La culture littéraire comme arme pour légitimer le racisme zemmourien

Certains diront que le meilleur moyen de faire oublier Éric Zemmour, c'est de ne pas en parler. Sauf que le polémiste ne finit pas de faire réagir, d'inspirer commentaires et analyses. Et ignorer des propos qu'on sait abject, c'est aussi une façon de s'en accommoder et in fine de les accepter et pour certains d'y adhérer.

Certains diront que le meilleur moyen de faire oublier Éric Zemmour, c'est de ne pas en parler. Sauf que le polémiste ne finit pas de faire réagir, d'inspirer commentaires et analyses. Et ignorer des propos qu'on sait abject, c'est aussi une façon de s'en accommoder et in fine de les accepter et pour certains d'y adhérer.
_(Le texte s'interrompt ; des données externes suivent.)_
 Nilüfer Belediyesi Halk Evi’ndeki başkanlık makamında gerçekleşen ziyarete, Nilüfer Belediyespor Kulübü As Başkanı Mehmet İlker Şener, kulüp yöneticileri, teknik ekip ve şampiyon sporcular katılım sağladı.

Nous sommes en plein dans les années 30 mais les fascistes des temps modernes balaient d'un revers de main cette thèse et pourtant, les idées défendues depuis plus de vingt ans par l'ex-star de CNews sont à la virgule près ce qui se disait sur les juifs jadis. Usuriers, usurpateurs de richesses, organisateurs de crises etc. C'est à coups de clichés qui trouvaient leurs sources dans l'imaginaire des racistes les plus tenaces que la population européenne a fini par adhérer à l'ideologie la plus nauséabonde du vingtième siècle.

Où en sommes-nous aujourd'hui? Aux migrants mineurs qui seraient tous des violeurs, aux prisons dans lesquelles il n'y aurait que des noirs et des arabes, aux cités dans lesquelles on appliquerait la charia, aux candidats à l'immigration qu'il faut laisser chavirer dans leur bateau de fortune. Des idées qui rappellent furieusement les heures sombres de notre histoire et qui nous feraient presque regretter "les bruits et les odeurs" de Jacques Chirac.
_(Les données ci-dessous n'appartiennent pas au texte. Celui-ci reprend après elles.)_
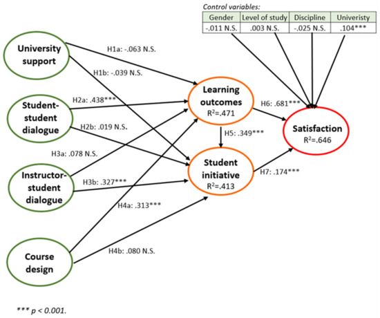 The structural models were evaluated by the size and significance of the path coefficients, and R2. As illustrated in Figure 2, the R2 values represent the amount of explained variance of the endogenous constructs in the structural model, which determines the structural model’s predictive power [53]. Figure 2 shows that the R2 values of learning outcomes (0.471) and student initiative (0.413) were satisfactory. The R2 value of satisfaction (0.646) also showed adequate predictive power in the resulting structural model [58], proving that approximately 64.6% of the variance of satisfaction was explained by the model. The significance and size of the path coefficients are summarized in Table 4.
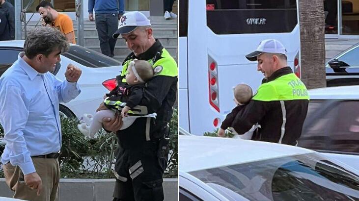Bu sırada caddede görevli olan Trafik Şube Müdürlüğü polis memuru Emre Y., durumu fark ederek anne-kızın bulunduğu aracın yanına gitti. Bebeği kucağına alan Emre Y., bir süre oyaladı. Emre Y., aracını park alanından çıkaran anneye bebeği teslim etti. Durumu fark edip cep telefonuyla kaydeden çevredekiler, polis memuruna teşekkür etti.
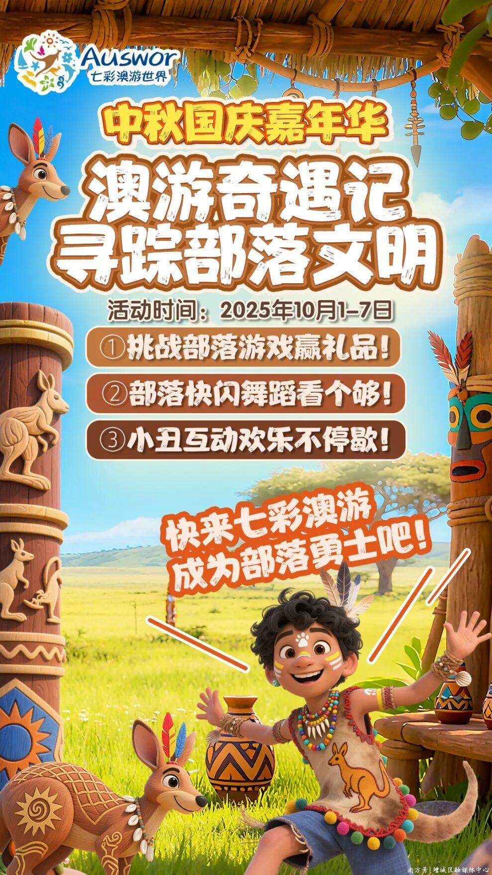 活动预告:以七彩澳游世界中沉睡的七个部落故事为背景,首个部落将在国庆期间隆重开放。园区将针对家庭、情侣、学生等多种游客群体,在园区内举办有趣的原始部落体验活动。该活动包括丰富的游戏装置、定时的精彩舞蹈表演、近距离互动环节等,让游客在园区内沉浸式体验异域部落文化和浓烈的部落氛围。
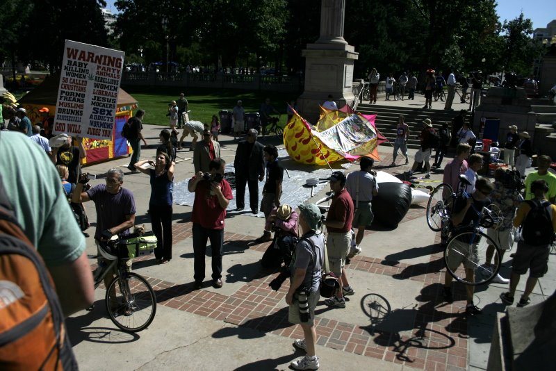 On the morning of Tuesday August 26, 2008, the Backbone campaign had a permit for a march leaving from Civic Center Park in Denver, and proceeding towards the DNC convention center. Early reports are that some participants in this march were arrested for trying to send away an abrasive anti-gay christian group that entered their group and was engaging in harrassing, invasive behavior. There was some yelling, and people tried to hold signs in front of their signs, and despite the fact that the backbone campaign held the permit, the provokers were given quite a bit of tolerance by police. The police charged someone for pulling a bullhorn cord.

La question est de savoir pourquoi nos ondes hertziennes passent sans rechigner des propos qui banalisent autant la haine sans un vrai contre-pouvoir capable de mettre un coup d'arrêt à cette déferlante fasciste inondant nos écrans. La raison principale est l'intelligence de ceux qui profèrent cette intolérance. Le verbe, l'art et la manière si subtile d'exprimer le rejet de l'autre rendent ces théories beaucoup plus acceptables pour le commun des mortels et lui donnent même une légitimité intellectuelle qu'il aurait été impensable d'imaginer il y a encore vingt ans de cela. La fameuse théorie du grand remplacement très habilement fantasmée par Renaud Camus a trouvé un très large public. La richesse du vocabulaire et l'intelligence littéraire de l'écrivain finissent par rendre les confins de l'aspect finalement assez commode. Et c'est ça le risque que court la France aujourd'hui. De se laisser entraîner par ses démons du passé dans le sillage d'une poignée d'individus à l'intelligence du verbe incontestable. L'intelligence n'enlève rien à l'abject et pourtant, c'est bien cette intelligence qui est en train d'exercer une forte domination idéologique trouvant également des appuis dans une oligarchie prête à financer tous les dérapages assénés par eux. Vincent Bolloré est en ce sens l'exemple parfait du mécène engagé dans un combat politique qui ne dit pas son nom mais qu'il affiche en cautionnant les sorties de l'ex-polémiste de sa chaîne d'information mainstream.

Quand le fascisme trouve la plus belle des plumes et les moyens financiers de se répandre dans les médias, c'est bien que nous sommes tous embarqués dans le même véhicule qui nous emmène tout droit vers un cataclysme sociétal que seul un sursaut humaniste et progressiste peuvent arrêter.